● **WHAT YOU WILL DO**:
Pictures are to be left out; every line from the one with "Let the little" through the end of the data must be transcribed exactly.

╭─ SOURCE DATA

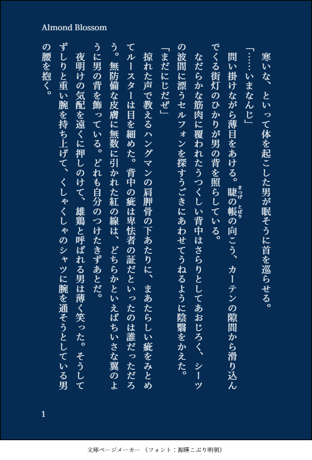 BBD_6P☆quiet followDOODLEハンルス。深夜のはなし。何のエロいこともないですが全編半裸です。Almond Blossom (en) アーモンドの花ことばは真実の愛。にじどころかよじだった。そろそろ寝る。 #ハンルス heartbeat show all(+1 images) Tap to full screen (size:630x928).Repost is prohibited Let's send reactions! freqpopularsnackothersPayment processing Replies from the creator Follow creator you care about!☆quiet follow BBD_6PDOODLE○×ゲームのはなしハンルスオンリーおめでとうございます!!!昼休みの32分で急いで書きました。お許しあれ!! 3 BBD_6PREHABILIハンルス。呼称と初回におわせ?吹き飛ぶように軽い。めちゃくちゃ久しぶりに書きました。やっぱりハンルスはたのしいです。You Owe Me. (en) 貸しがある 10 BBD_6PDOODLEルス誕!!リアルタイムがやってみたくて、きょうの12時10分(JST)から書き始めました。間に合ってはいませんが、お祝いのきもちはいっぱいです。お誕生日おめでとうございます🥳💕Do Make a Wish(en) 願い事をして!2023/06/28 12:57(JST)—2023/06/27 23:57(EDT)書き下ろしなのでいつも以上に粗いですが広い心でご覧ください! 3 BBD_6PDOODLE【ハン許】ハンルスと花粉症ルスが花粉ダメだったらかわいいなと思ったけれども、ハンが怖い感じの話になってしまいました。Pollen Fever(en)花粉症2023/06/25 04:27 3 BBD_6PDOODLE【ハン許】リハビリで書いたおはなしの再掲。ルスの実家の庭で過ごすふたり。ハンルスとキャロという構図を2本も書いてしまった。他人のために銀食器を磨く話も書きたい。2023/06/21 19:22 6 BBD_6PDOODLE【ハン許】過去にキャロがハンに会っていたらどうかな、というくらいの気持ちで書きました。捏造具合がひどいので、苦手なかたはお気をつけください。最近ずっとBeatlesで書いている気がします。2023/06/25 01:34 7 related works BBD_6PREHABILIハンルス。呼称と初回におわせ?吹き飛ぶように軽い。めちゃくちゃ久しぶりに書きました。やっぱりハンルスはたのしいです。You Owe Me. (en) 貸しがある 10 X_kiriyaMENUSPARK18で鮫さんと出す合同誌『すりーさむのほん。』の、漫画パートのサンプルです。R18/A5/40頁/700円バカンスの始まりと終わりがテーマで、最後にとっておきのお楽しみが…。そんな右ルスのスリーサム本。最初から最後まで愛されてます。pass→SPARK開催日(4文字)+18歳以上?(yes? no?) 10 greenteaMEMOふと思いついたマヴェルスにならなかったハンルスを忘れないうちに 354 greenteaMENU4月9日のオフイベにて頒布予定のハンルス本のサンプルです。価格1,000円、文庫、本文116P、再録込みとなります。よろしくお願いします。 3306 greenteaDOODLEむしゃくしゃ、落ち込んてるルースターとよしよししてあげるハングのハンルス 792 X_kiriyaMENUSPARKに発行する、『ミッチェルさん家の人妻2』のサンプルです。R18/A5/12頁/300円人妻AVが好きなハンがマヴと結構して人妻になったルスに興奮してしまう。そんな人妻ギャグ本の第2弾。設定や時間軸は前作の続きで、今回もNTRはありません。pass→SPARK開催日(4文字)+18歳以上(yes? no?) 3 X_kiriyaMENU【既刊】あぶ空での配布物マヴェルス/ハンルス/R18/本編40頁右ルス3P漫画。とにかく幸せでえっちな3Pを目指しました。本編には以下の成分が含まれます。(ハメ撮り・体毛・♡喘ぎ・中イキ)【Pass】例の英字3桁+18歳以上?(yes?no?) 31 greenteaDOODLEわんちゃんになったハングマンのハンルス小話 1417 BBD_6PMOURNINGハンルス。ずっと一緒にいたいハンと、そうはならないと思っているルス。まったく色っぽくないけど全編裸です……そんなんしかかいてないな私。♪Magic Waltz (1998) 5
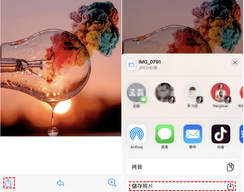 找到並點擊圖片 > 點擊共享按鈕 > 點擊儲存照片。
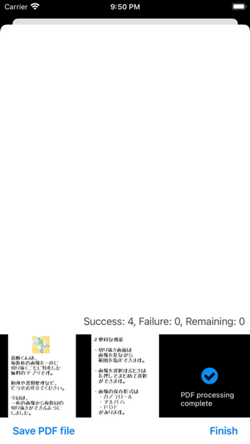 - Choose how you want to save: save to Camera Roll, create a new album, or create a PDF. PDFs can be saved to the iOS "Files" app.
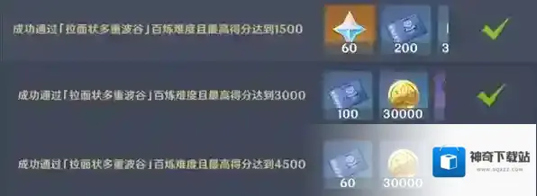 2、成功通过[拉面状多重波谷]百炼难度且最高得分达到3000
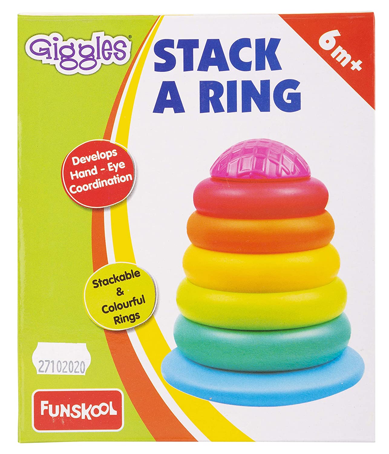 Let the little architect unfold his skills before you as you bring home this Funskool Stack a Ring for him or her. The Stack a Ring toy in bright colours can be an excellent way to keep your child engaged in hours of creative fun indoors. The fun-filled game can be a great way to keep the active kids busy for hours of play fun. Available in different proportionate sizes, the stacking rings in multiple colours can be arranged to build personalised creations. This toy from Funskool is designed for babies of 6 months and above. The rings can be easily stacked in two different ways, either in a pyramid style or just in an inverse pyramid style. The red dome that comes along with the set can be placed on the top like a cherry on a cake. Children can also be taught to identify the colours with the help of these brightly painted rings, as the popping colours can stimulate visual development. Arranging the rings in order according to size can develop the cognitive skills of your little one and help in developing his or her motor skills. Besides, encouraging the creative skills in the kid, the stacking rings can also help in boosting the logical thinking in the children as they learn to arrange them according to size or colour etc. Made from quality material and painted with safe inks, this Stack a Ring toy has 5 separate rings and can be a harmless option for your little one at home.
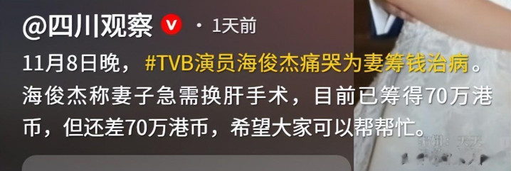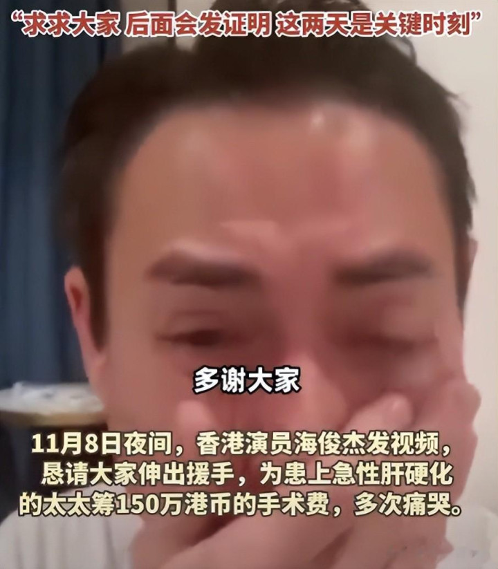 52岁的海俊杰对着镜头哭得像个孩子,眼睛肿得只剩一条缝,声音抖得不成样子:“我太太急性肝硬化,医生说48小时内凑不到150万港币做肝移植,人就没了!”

╰─

● **RESULT OF THE EXERCISE**:
 Let the little architect unfold his skills before you as you bring home this Funskool Stack a Ring for him or her. The Stack a Ring toy in bright colours can be an excellent way to keep your child engaged in hours of creative fun indoors. The fun-filled game can be a great way to keep the active kids busy for hours of play fun. Available in different proportionate sizes, the stacking rings in multiple colours can be arranged to build personalised creations. This toy from Funskool is designed for babies of 6 months and above. The rings can be easily stacked in two different ways, either in a pyramid style or just in an inverse pyramid style. The red dome that comes along with the set can be placed on the top like a cherry on a cake. Children can also be taught to identify the colours with the help of these brightly painted rings, as the popping colours can stimulate visual development. Arranging the rings in order according to size can develop the cognitive skills of your little one and help in developing his or her motor skills. Besides, encouraging the creative skills in the kid, the stacking rings can also help in boosting the logical thinking in the children as they learn to arrange them according to size or colour etc. Made from quality material and painted with safe inks, this Stack a Ring toy has 5 separate rings and can be a harmless option for your little one at home.
 52岁的海俊杰对着镜头哭得像个孩子,眼睛肿得只剩一条缝,声音抖得不成样子:“我太太急性肝硬化,医生说48小时内凑不到150万港币做肝移植,人就没了!”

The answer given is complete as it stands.